Mama rock me :D
I'm pretty sure that the people in my family are pretty darn tired of hearing me replay and re-sing that song over and over again. But they've been kind enough not to say anything, and besides, after all of these years, I think they understand that I pretty much go for broke when it comes to a new favorite song...
Last night was sooo perfect. So perfect that I couldn't even stay awake long enough to blog about it once I came home. I'm pretty sure that the moment I flopped into bed, I was out cold. Apparently I even stayed that way because when I woke up, the bed looked like no one had even touched it. I was Out. Cold.

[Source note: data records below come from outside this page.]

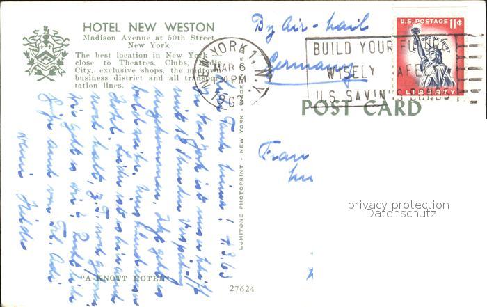 72246399 old postcard New York City Hotel New Weston postalisch gelaufen Erhaltung siehe scans KatCode: 14140340000000
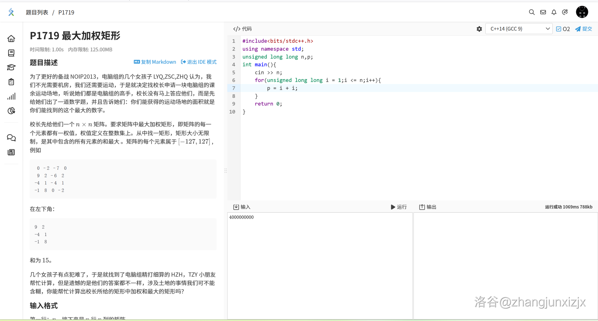 在发现有人用 $O(n^4)$ 把 P1719 的 $1 \le n \le 120$ 范围草过去了之后,我对你谷的评测机进行了研究。  发现可以恰好草过 $4E9$ 的ULL加法......…
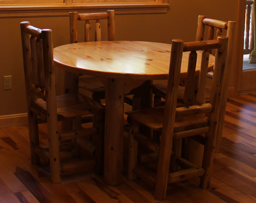 Constructed solid wood this table will be the centerpiece in your dining area. Table comes with 4 high back chairs. Available unfinished or have us finish it with Minwax stain color of your choice and multiple coats of satin lacquer. Please call us at (866) 744-9913 for more information. Custom tables are also available. Give our knowledgeable sales team a call today!
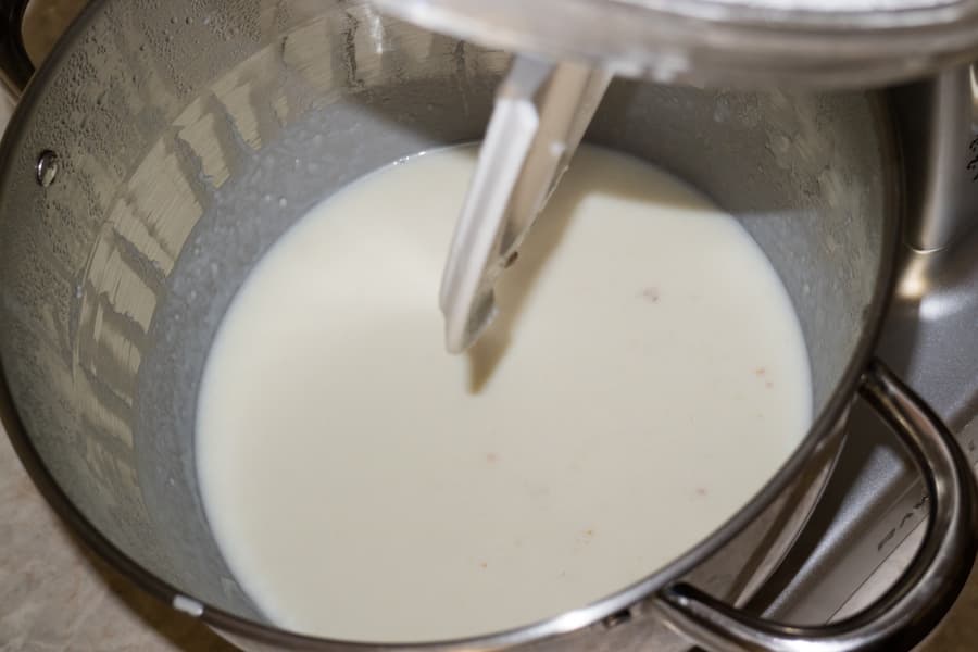Когда мука приобрела золотистый цвет, начали медленно вливать молоко. Увеличили скорость работы до четвертой, а температуру до 90 °C. Прибор продолжал подогревать дно дежи и вращать лопатку. Когда все молоко равномерно перемешалось с яично-масляной смесью, перевели прибор на работу со скоростью −1 (равномерно медленное перемешивание). Варили до загустения и готовности соуса. Всего миксер работал в данном эксперименте 17 минут.

But I had every right to be. Lisa's graduation party last night was so fun and was a perfect way to kick off summer nights with friends. Everyone raved about how bomb her husbands steaks were, everyone shared memories that made perfect stories, and wine bottle after wine bottle was opened and emptied. I didn't actually get a chance to see how bomb her husbands steaks were seeing as how I don't eat animals. But it is very rare when the smell of cooking meat is actually appetizing to me, and damn if his cooking didn't turn me ravenous. But don't worry, I stuck with the chips and the potato salad :)
It was lovely.
And, I don't know, I've always had a soft spot for backyard barbeques, even if I never partook in the actual barbeque part. I don't really know why, but I am just so in love with backyards. They're magical. Every backyard I've ever been to, no matter how large or small, has the same cozy home feel to it. And they all have that same dewey, wet grass smell which I realized last night, I am in love with.

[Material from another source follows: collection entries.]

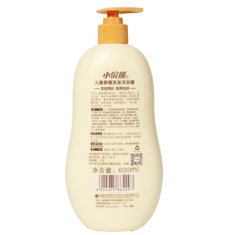Little raccoon children's shampoo and shower gel two-in-one 3-12 years old middle-aged and big children's wash and care boys and girls no tears shampoo
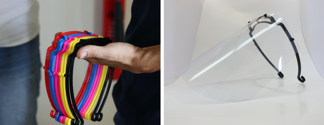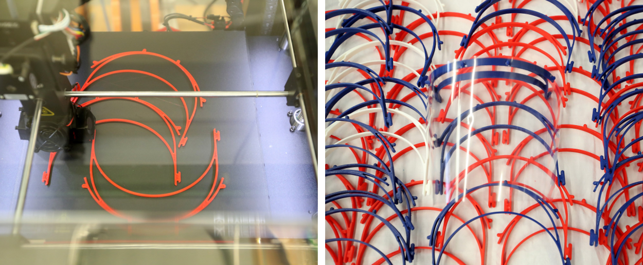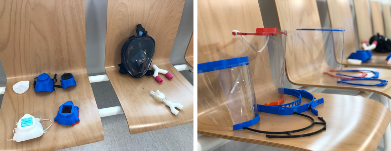 Het grootste tekort is er momenteel aan gezichtsmaskers (face shields). Het bedrijf Xerox heeft met de taskforce plastic schermen geleverd en het projectteam print daar nu hoofdbanden voor. Hierna zijn er tests uitgevoerd om te kijken of aanpassingen nodig zijn aan het ontwerp. Deze proeven zijn onder meer gedaan in het CMC, een supermarkt, een huisartsenpraktijk, T-Experience (crowd management, veiligheidsbedrijf).
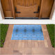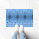 Matelas esthétique bleu avec un motif de surface de la côte orientale asiatique avec un extrait du poème visuel intitulé "Scar Collector" qui a été publié à l'origine dans le volume I de la série Diamond Dust Poems From the Black Sea. Tapis de porte rustique avec un design côtier bleu pour les propriétés d'été en bord de mer de lac ou d'inspiration océanique.
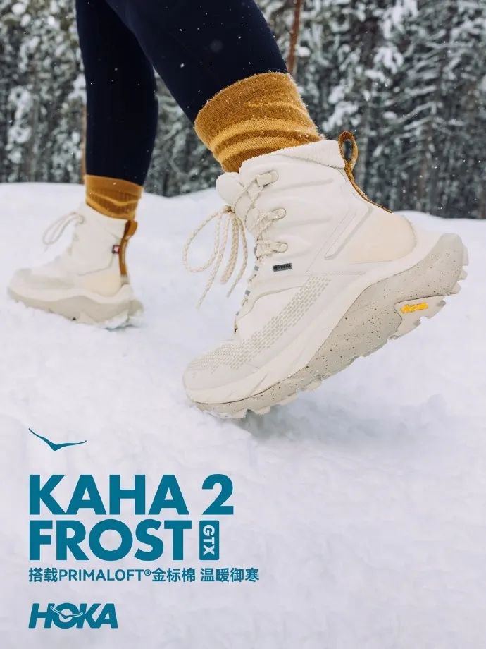 近日,鞋服品牌HOKA ONE ONE推出全新徒步鞋款KAHA 2 FROST GTX和KAHA 2 FROST MOC GTX,延续KAHA 2轻量缓震的舒适脚感,全新升级鞋面科技,打造可抵御-32°C的保暖性能。
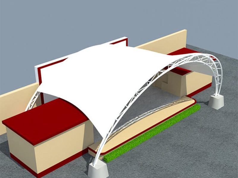1、舞臺張拉膜結構的共同曲面外形使其具有激烈的雕塑感,膜面經過張力到達自平衡。
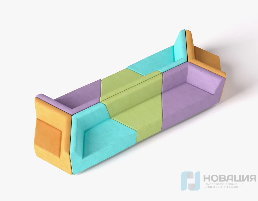 Модульный диван "Гелиос №4" подойдет для оснащения зоны отдыха и холла в школе, для оформления коворкинг пространства, в том числе для реализации общеобразовательных проектов ТР и квантум.
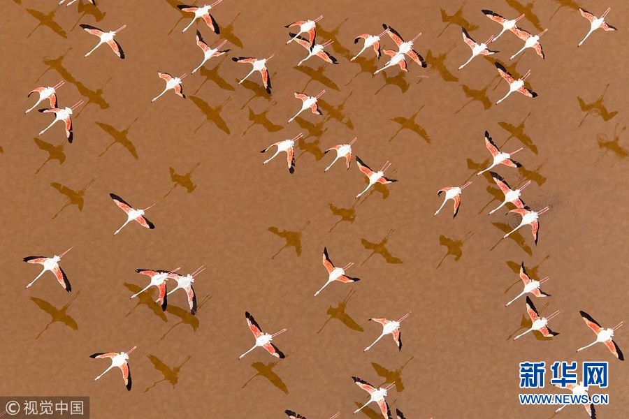 1月9日讯(具体拍摄时间不详), 西班牙卡迪兹海湾,数百只粉红色的火烈鸟飞过五颜六色的盐沼,在水面上形成令人惊叹的倒影。太阳落山时分,摄影师Oscar Diez在300米高空的飞机上拍下这些令人震撼的照片。(图片来源:视觉中国)
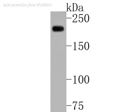 Western blot analysis of Alpha-2-macroglobulin on LOVO cell lysate. Proteins were transferred to a PVDF membrane and blocked with 5% BSA in PBS for 1 hour at room temperature. The primary antibody (M1510-22, 1/500) was used in 5% BSA at room temperature for 2 hours. Goat Anti-Mouse IgG - HRP Secondary Antibody (HA1006) at 1:5,000 dilution was used for 1 hour at room temperature.
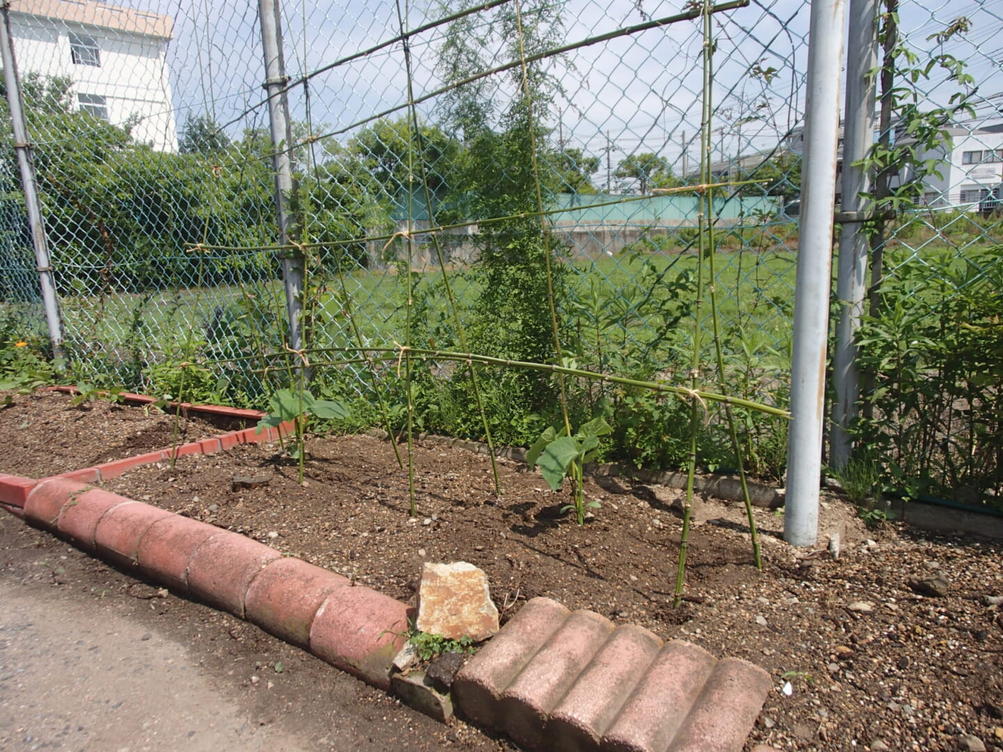 これからの成長を考慮して、お花は花を摘み取り、野菜には支柱を立てました。
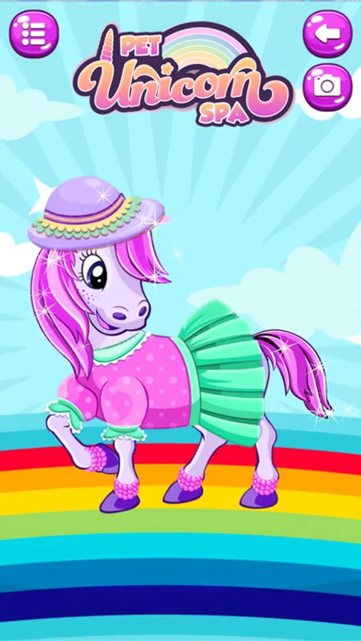 Have you ever wanted to have your very own pet unicorn? Well now you can! You can take care of, and dress them up in pretty outfits. Cut their hair, wash them, and change the background images to create cute pictures to show all of our friends and family!
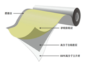 非沥青基高分子预铺防水卷材,由高密度聚乙烯合成的高分子片材(HDPE)、高分子自粘胶、表面覆颗粒及涂层防粘层,而制的一种高强度自粘反应型防水卷材,能与混凝土结构自防水实现融合,是目前应用最广泛的环保防水材料。
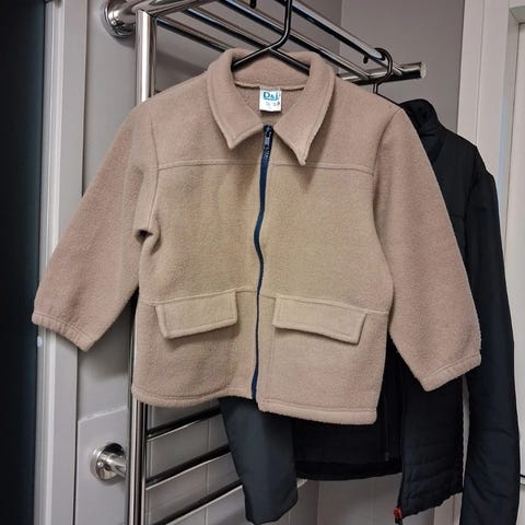 Jonathan paksu fleecetakki. Yhdellä lapsella harvakseltaan käytetty, mutta silti nukkaantunut ja paikoin vaaleaa maalitahraa. Muuten kyllä täysin ehjä ja oikein lämmin syksyyn. Koko 116, mutta meillä ollut käytössä jo 110.

Speaking of love, there are a couple of other love related things that I need to mention:
First of all, I don't know if it's the spring/summer/weather/ whatever, but it feels like everyday I'm falling head over heels for my guy all over again, and it's wonderful. We've been together for about a year now, so we've become pretty, really, extremely comfortable with each other. The winter wore us into one another, and we've reached that "knowing what the other is thinking exactly" stage of a relationship, which is really freaking useful. But lately, every time I think about him or see him, I turn into that giddy, excited girl that I was back when we first started dating. And I don't know, but I think this combination is pretty awesome. That comfortable sort of love that couples of fifty years share mixed with that new passionate sort of love that everyone experiences. I love it, and I hope it stays this way forever.
Also, I think I'm starting to really like wine. And not in the way that high schoolers drink wine in a box and say that they like wine. But a true appreciation for it. I mean, I used to work with it a lot at good old Bella Napoli, but I never cared much for drinking it. But now, I'm finding myself craving a good malbec with my larger meals, and last night, damn if I didn't put away like six or seven glasses of cabernet. But I couldn't stop, the flavor fit the mood of the party so perfectly, I just couldn't bring myself to turn down any glass that was offered. Although, I have to say, I now remember why I stopped drinking in the first place. The morning after sucks. I didn't even get drunk and I feel like every cell in my body is screaming for water. Jeez.
But as I was saying, last night was b-e-a-utiful. And it makes me super excited for alllll for the summer nights that we having coming to meet us.